## THE DATA
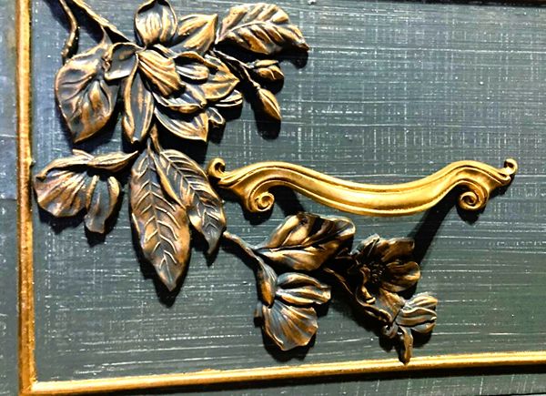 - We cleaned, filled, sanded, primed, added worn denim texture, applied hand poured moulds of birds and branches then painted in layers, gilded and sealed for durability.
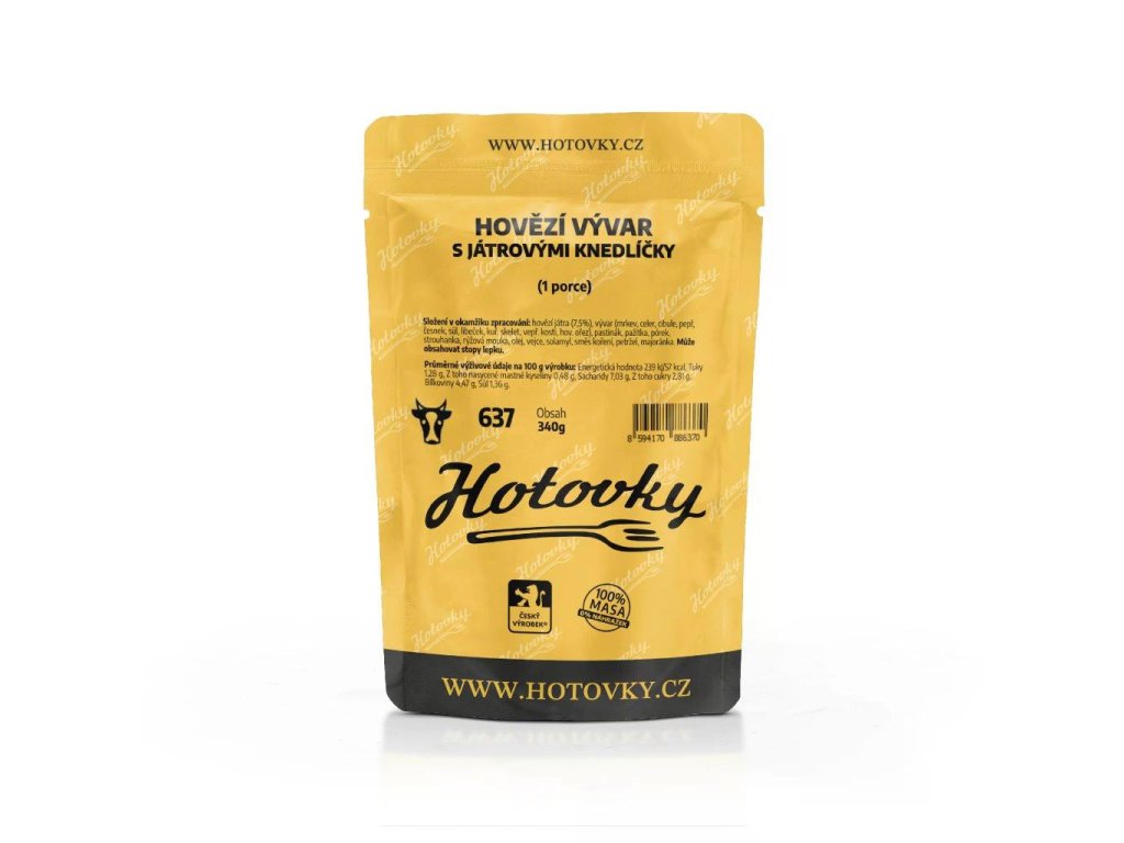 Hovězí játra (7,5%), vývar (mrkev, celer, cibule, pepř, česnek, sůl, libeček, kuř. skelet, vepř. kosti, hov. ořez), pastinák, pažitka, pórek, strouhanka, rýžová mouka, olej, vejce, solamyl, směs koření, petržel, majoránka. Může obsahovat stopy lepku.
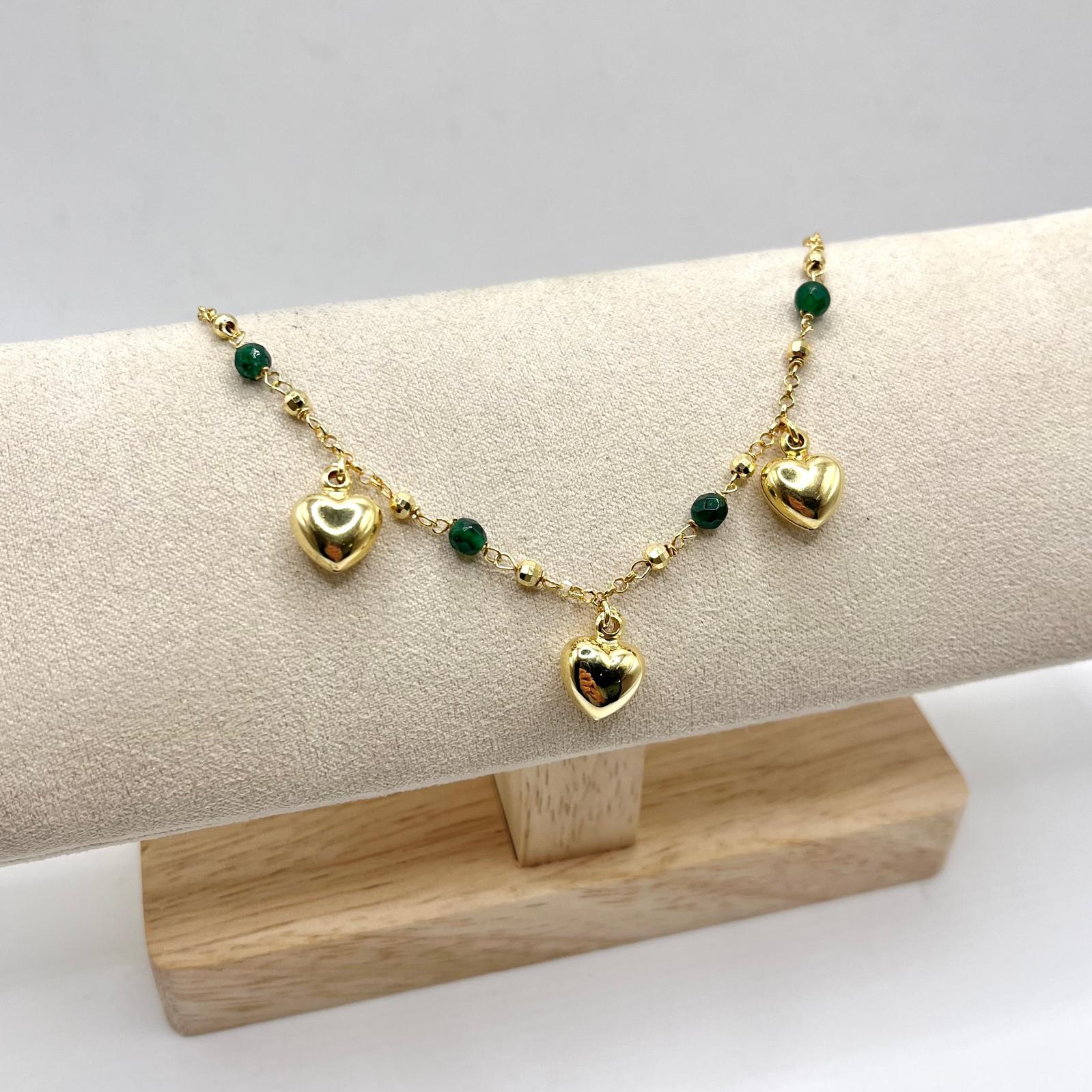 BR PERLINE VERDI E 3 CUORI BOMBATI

## ABOUT THIS EXERCISE
From the first line to the last, reproduce the listing above exactly, leaving the pictures out.

## RESULT FOR THIS TASK
 - We cleaned, filled, sanded, primed, added worn denim texture, applied hand poured moulds of birds and branches then painted in layers, gilded and sealed for durability.
 Hovězí játra (7,5%), vývar (mrkev, celer, cibule, pepř, česnek, sůl, libeček, kuř. skelet, vepř. kosti, hov. ořez), pastinák, pažitka, pórek, strouhanka, rýžová mouka, olej, vejce, solamyl, směs koření, petržel, majoránka. Může obsahovat stopy lepku.
 BR PERLINE VERDI E 3 CUORI BOMBATI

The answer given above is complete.